A few weeks back I was setting up some microphones for one of my Not-So-Pro (TM) recording sessions and thought I’d test out some settings and make sure that the cords and the cables were humming along and making the right connections in the right directions and otherwise gettin’ the electronics all ready and warmed up to jump and jive and hoot and holler before the real musician arrived.

Thought I’d test it by doing a little bit of recording of my own.  For old time’s sake it seemed like a good moment to revisit a two-chord creation of Chicago’s one and only Blue Meanies, a second-rate third-wave ska band that still holds a nice little spot in the back side of my heart for playing a part in the old fun times when I used to romp around with Sarah and with Steve and with the suburban punks of dirty downtown Elgin, where the AA meeting hall would play host to dread-headed and tattooed teens who would pogo and skank till the floor boards would creak and crack and the the mic stands would topple and tables would spill the merch on the sweat-wet floor.

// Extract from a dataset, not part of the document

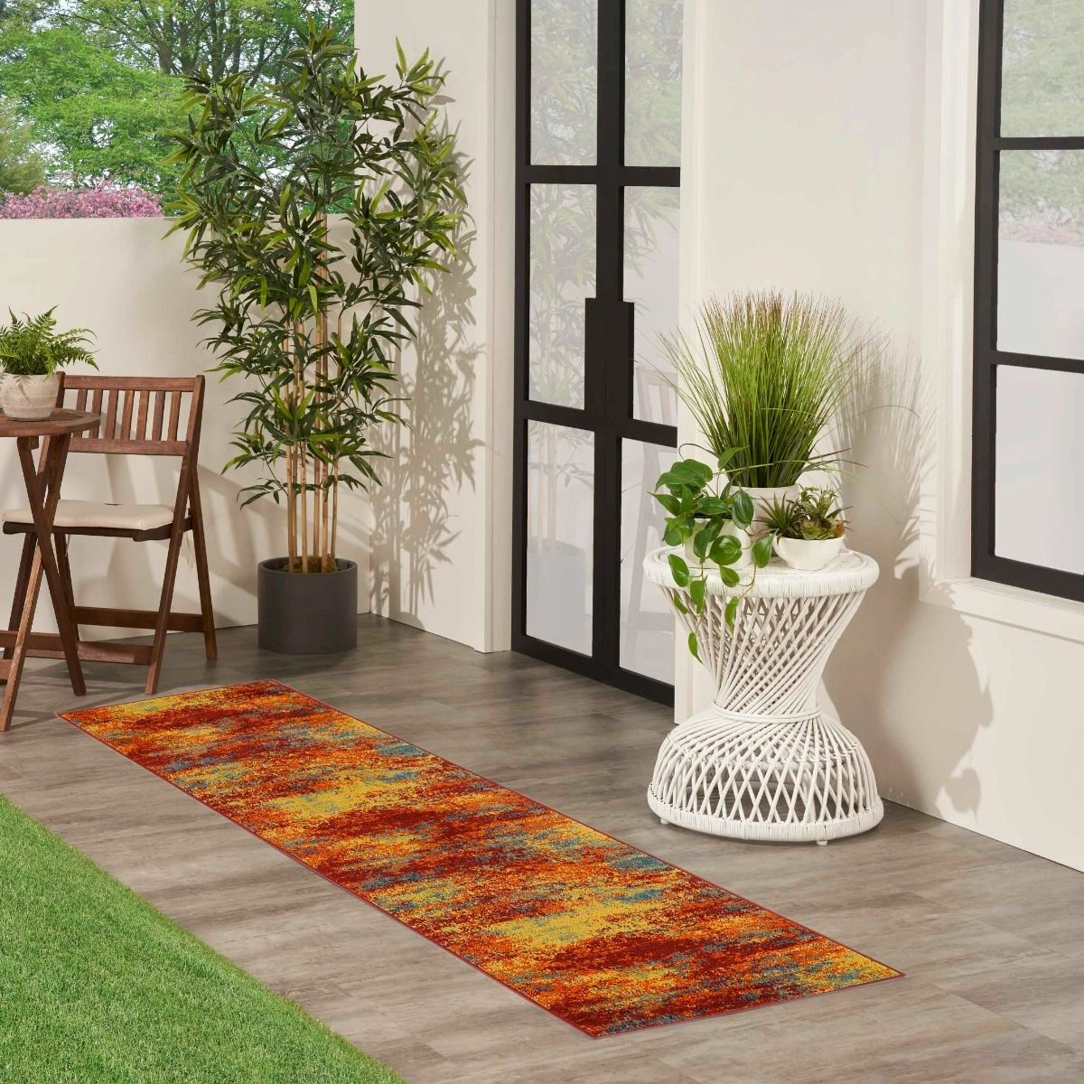 Exprese su pasión por la decoración creativa con esta artística alfombra de exterior de la colección Nourison Essentials. Una vibrante mezcla de colores primarios, inspirada en un atardecer dorado, revitaliza al instante un balcón, patio o jardín.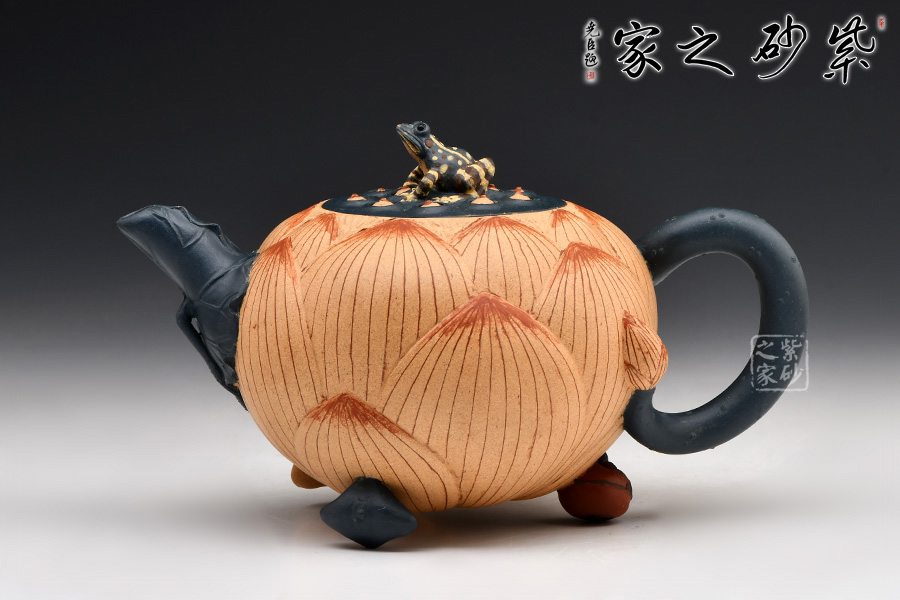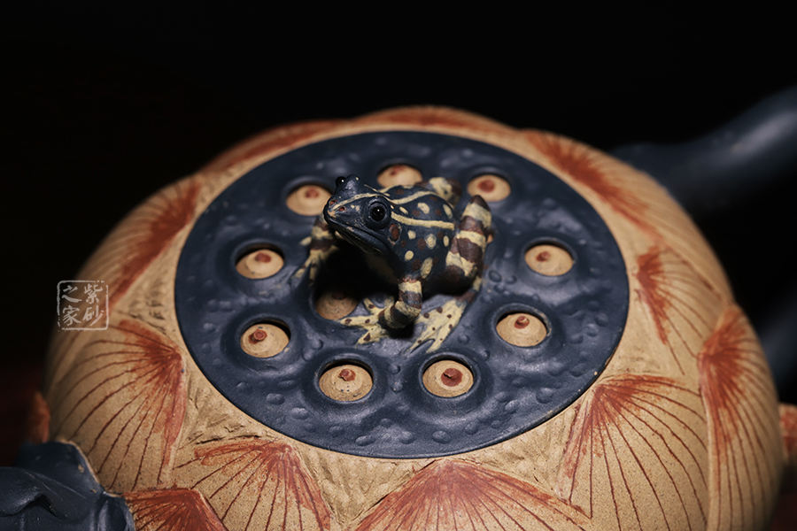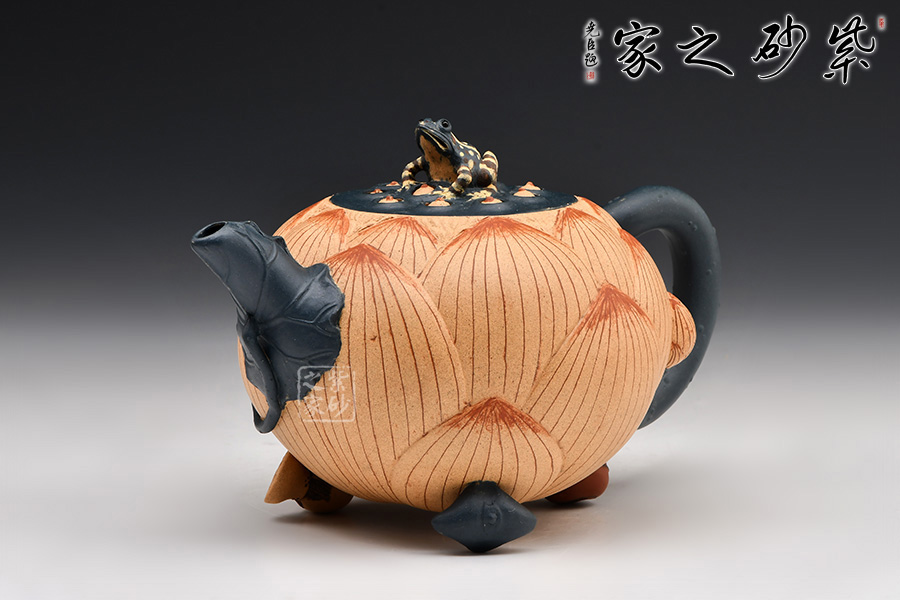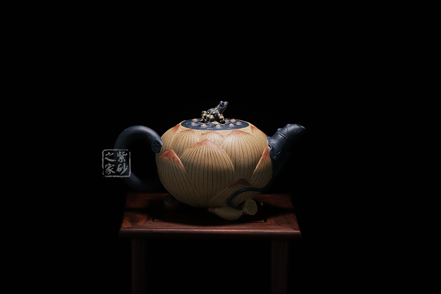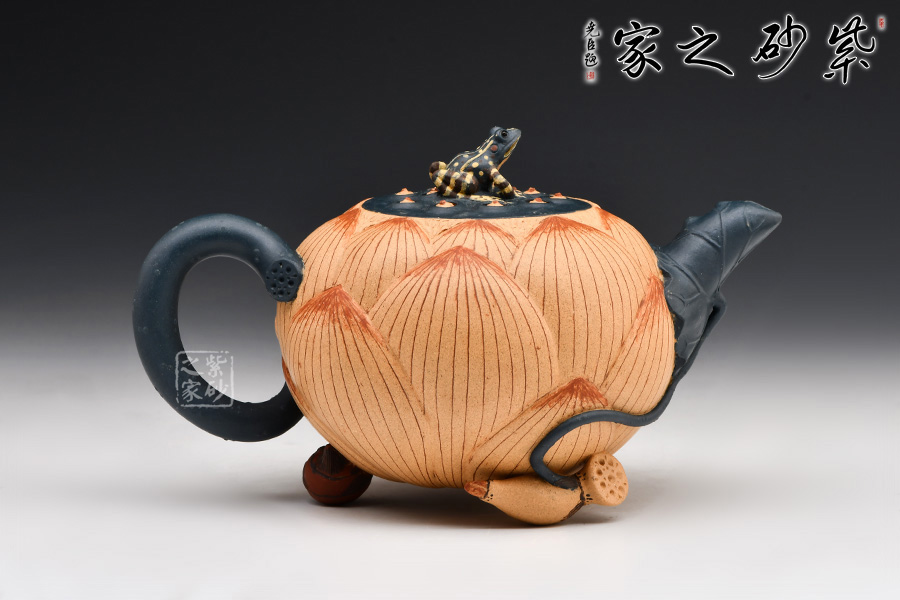 巧妙的定型也令人稱妙有加:以盛開的荷花作壺身,圓鼓鼓的蓮蓬作壺蓋,彎曲的花梗作壺把,才出水的嫩荷葉作壺嘴,巧妙地運用小青蛙作壺“的子”,真是靜中有動,動中有靜,自然天成,獨具一格。

And we were there to hear this drummer named Jay, a guy that I used to work with in the summers and who had a place up in St. Charles with his brother.  I went over and I dropped him off and there were girls there, lovely girls in the prime of early lithely adultlife with summer-sunned shoulders and confidence and swagger and smoking cigarettes and they were beautiful and there were books being read and sketches being sketched and there was music being played and I said “uh, hi.”

And then I said “bye” and I drove away and that was about the end of that , but then I went up with Sarah and with Steve to see the band and they were opening for the Blue Meanies and the Blue Meanies were doing everything that they could to get that party started, as it were, and we rejoiced.

And they played a song that was not so much ska but a little more funk and they pressed it on pink vinyl and pink vinyl sounded pretty cool for 3 dollars, so I bought it and brought it to College and J (not Jay) put it on the Vortex (the Vortex being a Salvation Army Store-bought turntable taped up with the guarantee “Work Good”.)  And he dropped the needle on the record and we worked out the chords and gosh we played that thing a lot at all the college student-union and rec-hall and dorm-basement gigs.  Sometimes with flute and sometimes with sax and sometimes with harmonica and sometimes with whoever happened to grab the mic and it’s still stuck in my head all these years later with its vaguely suggestive title which only suggests things to someone who’s like 19 and totally sheltered but really wants to get out because he stood on Jay’s front porch and he saw girls and they were beautiful and he thought “maybe some day.”